Генерал армии Н. Ф. Ватутин | страница 15



Затем Ватутин уже с подписанной директивой выехал в Генеральный штаб. Ему было приказано еще до возвращения Жукова и Тимошенко передать ее в округа.

Передача директивы была закончена в 00 часов 30 минут 22 июня 1941 года. После чего Николай Федорович вернулся в свой кабинет. Всем работникам Генштаба и Наркомата обороны было приказано оставаться на своих местах. До начала войны оставалось всего несколько часов.



СЕВЕРО-ЗАПАДНЫЙ ФРОНТ

Под утро 22 июня Г. К. Жукова и Н. Ф. Ватутина вызвал С. К. Тимошенко, чтобы обсудить очередное донесение от начальника штаба Киевского Особого военного округа М. А. Пуркаева. Стало известно, что кроме фельдфебеля к советским пограничникам, переплыв в сумерках реку, явился солдат из 222-го немецкого пехотного полка 74-й пехотной дивизии. Он тоже утверждал, что 22 июня немецкие войска перейдут в наступление, даже назвал время его начала.

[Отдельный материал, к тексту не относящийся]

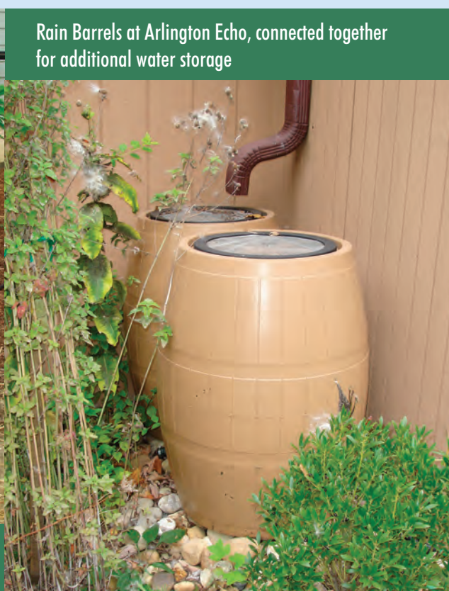
Rain Barrels at Arlington Echo, connected together for additional water storage
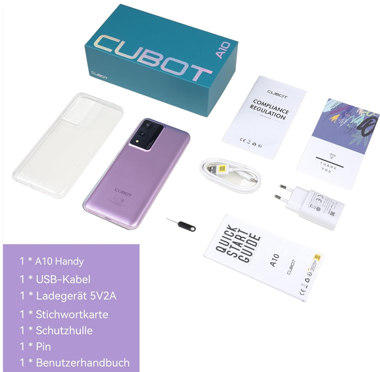
Figure 2.1: Package Contents of the CUBOT A10 Smartphone.
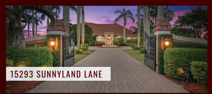
This Palm Beach Point equestrian property sits on 7.12 acres. The home has 4 bedrooms & 5.1 baths and features a state-of-the-art kitchen, resort-style pool, and an indoor bar with 1,100 bottle wine cellar. There is an 8-stall barn with 2 tack rooms, feed room, a studio apartment, 4 paddocks, and a large riding arena. Offered at $4,595,000.
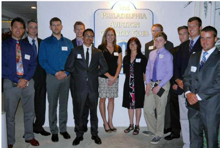
2016 Scholarship Recipients

On June 16, the Aero Club held its annual scholarship dinner at the Philadelphia Aviation Country Club at Wings Field. Eighty Aero Club and Ninety Nines members, recipients and family members attended the ceremony at Wings. The Aero Club of Pennsylvania Memorial Scholarship Fund awarded $40,000 in scholarships to 14 young men and women from the Philadelphia area. That amount includes $7,000 from the Chester County Airport Pilots and Tenants Association who raised money at their annual Fall Festival at Chester County Airport. Those recipients will train at Chester County Aviation. The Eastern Pennsylvania Chapter of the Ninety-Nines
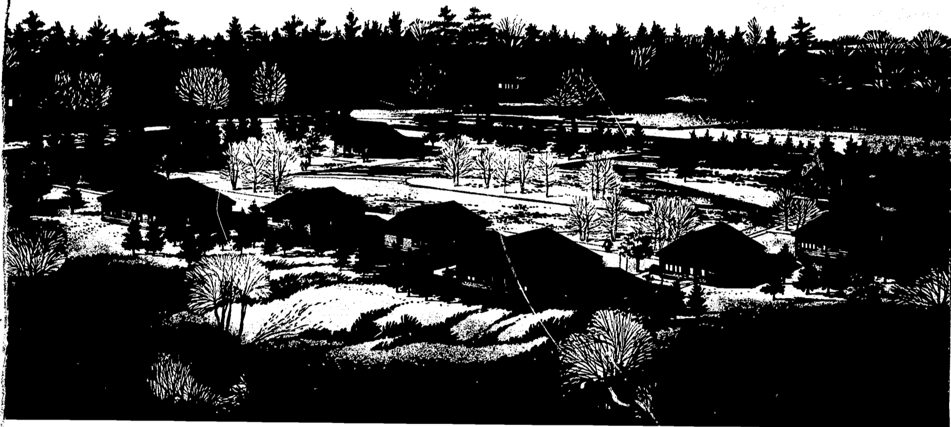
Artist's sketch of the new community at Odanah, Wis. on the Bad River Reservation.
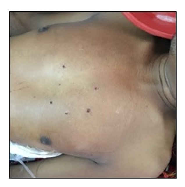
Fig-1: Precordial wounds.

— События действительно приобретают весьма опасный характер, — прохаживаясь по кабинету, заключил Тимошенко. — И провокация тут, думаю, исключена.

Дело идет к войне. 

В этот момент на столе наркома зазвонил телефон.

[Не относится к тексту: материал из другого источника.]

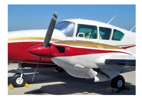
Piper Aztec Windshield HeatShield

Windshield Heatshields are interior sunshades for an aircraft's front windshield. The product is a unique composite of closed-cell foam with a silver mylar finish. The semi-rigid design is stiff enough to stand along the inside of the windshield using sun visors or window framing. It folds up flat and easily stores in the included storage sleeve. Some designs may require velcro and suction cups or split right and left sides. A Heatshield is an excellent short-term remedy for cockpit overheating. An external fabric cover is far more effective and practical for long-term protection.
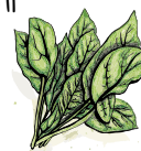
April LEAFY GREENS
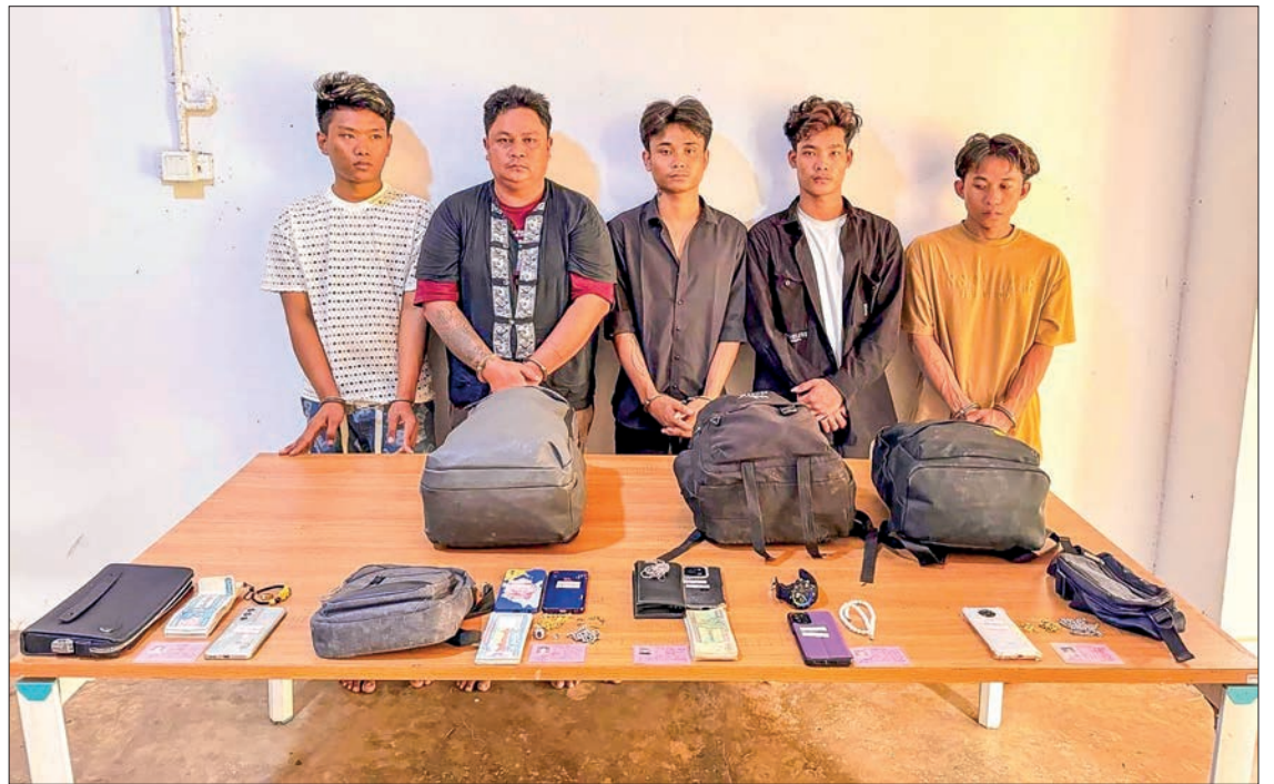
Phone scam offenders arrested with evidence used in fraudulent cases.

In August 2024, they cheated K700,000, K15.7 million in September, K5 million in October,

— Георгий Константинович, — обратился Тимошенко к Жукову, — возьмите трубку.

Жуков поднял ее, назвал себя. С минуту, хмурясь, слушал. Затем сказал:

— Хорошо, сейчас доложу наркому.

— Кто это? — спросил Тимошенко.

— Командующий Черноморским флотом адмирал Октябрьский. Докладывает, что система ВНОС флота засекла подход со стороны моря большого количества неизвестных самолетов. Флот находится в полной боевой готовности. Октябрьский просит указаний.

— А каково его решение?

Жуков передал вопрос наркома Октябрьскому. Выслушал ответ.

— У командующего флотом решение одно, товарищ нарком: встретить самолеты огнем противовоздушной обороны флота.

— Пусть действует, — после некоторого колебания сказал Тимошенко. — Только доложит своему наркому.

Жуков передал эти слова адмиралу Октябрьскому и положил трубку.

Некоторое время в кабинете стояла напряженная тишина. Нарушил ее Жуков. Глянув на часы, он сказал:

— Сейчас три часа двадцать минут. Разговор наш длился минуты три, не больше. Значит, Октябрьский

позвонил где-то в три семнадцать. — Снова взглянул на часы, покачал головой: — Да, дела... Похоже, начинают сбываться самые худшие наши опасения. — Спросил у наркома: — Будем звонить в Кремль?

— Непременно, — кивнул Тимошенко. — Хотя... Георгий Константинович, свяжитесь-ка снова с Октябрьским, узнайте, что у них там происходит. А уже потом доложим Сталину.